Hi there 👋
I was once told that in a startup you can expect your role to change every six months. Sometimes it’s a tangible change like a new title or a new team; other times it’s a spiritual change like your business has just pivoted or you’re going after a new target audience. Sometimes the change comes from the outside, like what many in tech are experiencing today with the SaaS downturn. We’re definitely in a season of change. The hopeful news is that this too shall pass, a new season is always around the corner, and turbulent times are part of what we signed up for — we got this! If I can be of any help to you or your team in the coming months as you navigate choppy waters, please don’t hesitate to reach out.

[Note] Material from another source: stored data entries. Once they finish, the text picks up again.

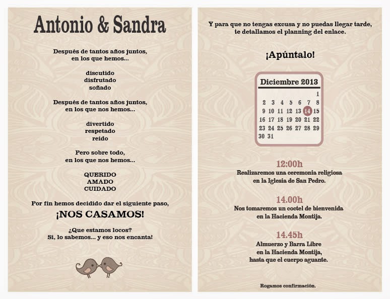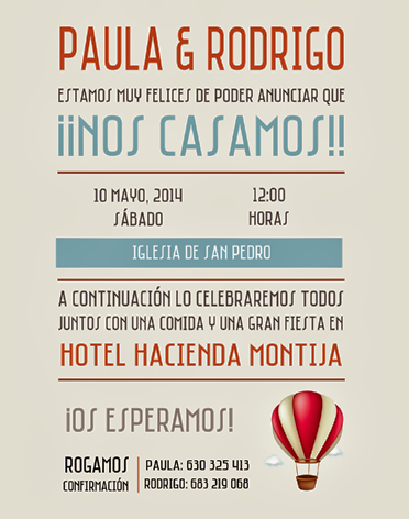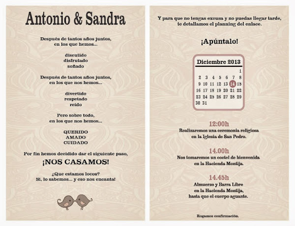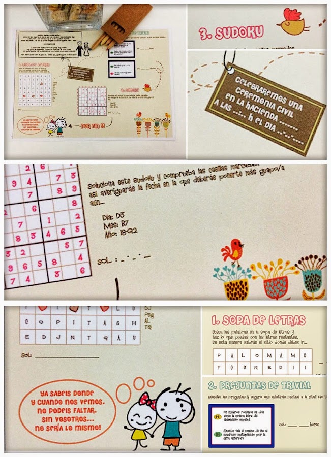 Y dejamos para el final lo que nos ha parecido más original: el ?Save the date? o "Juega", un pasatiempo a modo de sudoku o sopa de letras para que los amigos y familiares averigüen la fecha y el lugar de la boda:
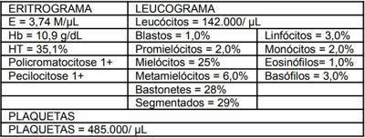 JHS, 38 anos, sexo feminino, apresenta astenia, emagrecimento e esplenomegalia. O resultado do hemograma dessa paciente está transcrito abaixo:
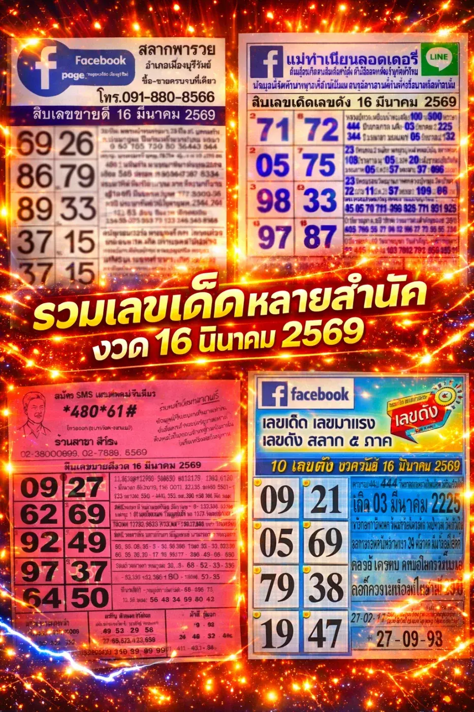 รวมเลขเด็ดหลายสำนัก งวด 16 มีนาคม 2569 คอหวยแห่ส่อง เลขดังโผล่ซ้ำหลายตำรา
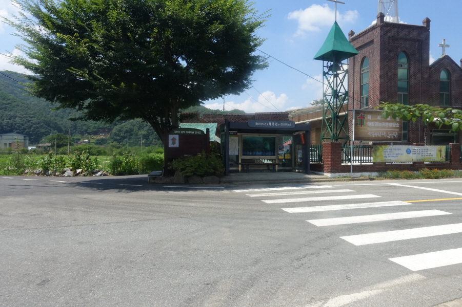 13;23 덕곡리 버스정류장과 교회건물입니다.
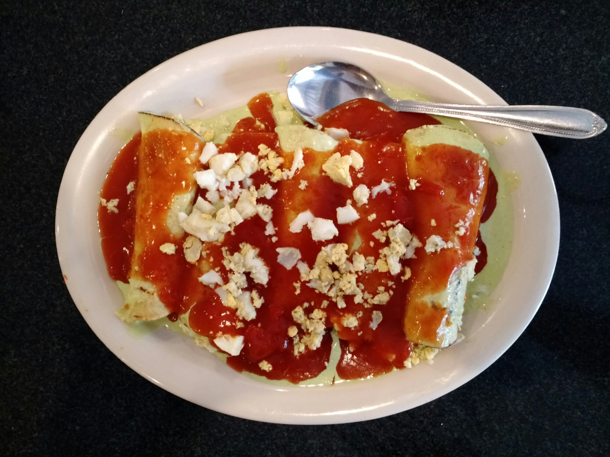 We have enjoyed papadzules, which are like enchiladas, filled with hard boiled eggs and topped with two sauces: a tomato sauce and a pepita/epazote sauce. I’ll post a recipe, veganized of course, when I get home. There are Panuchos, which are fried discs of masa stuffed with beans and served with chopped cabbage, salsa, and avocados. We’ve had quesadillas with huitlacoche (corn fungus) and tamales with chaya (a green leaf kinda like spinach). All delicious. The Yucatecan salsa is made with charred hot green peppers and a sour orange juice which I really want to replicate at home.

Wishing you a great week ahead,
Kevan
(ᵔᴥᵔ)
Thank you for being part of this newsletter. Each week, I share playbooks, case studies, stories, and links from inside the startup marketing world and my time at Oyster, Buffer, and more.
Say hi anytime at hello@kevanlee.com. I’d love to hear from you.
Four ways to focus your team during a downturn
With the macroeconomic picture becoming less bull-ish, many venture-backed companies are beginning to brace themselves to weather whatever storms may come in the next 12-24 months. Take this letter sent to Y Combinator’s companies:
And, if you’re interested in the finance perspective, check out this video from the folks at Craft Ventures, which goes into even greater detail on the steps that startups should consider taking to prepare for the season ahead.
As marketing leaders, we have the delicate job of balancing a message of realism and clarity while maintaining motivation and psychological safety. We must weather the storm while keeping the crew engaged.
It’s not easy.
Having been through several seasons of ups and downs, I’ve learned to take moments like this in stride and to treat them as opportunities to thrive together with your team and come out the other side stronger. Specifically in a downturn, you need to bring a different mindset to your team and to focus on aspects of the business that can sometimes get lost when you’re coasting through prosperous times.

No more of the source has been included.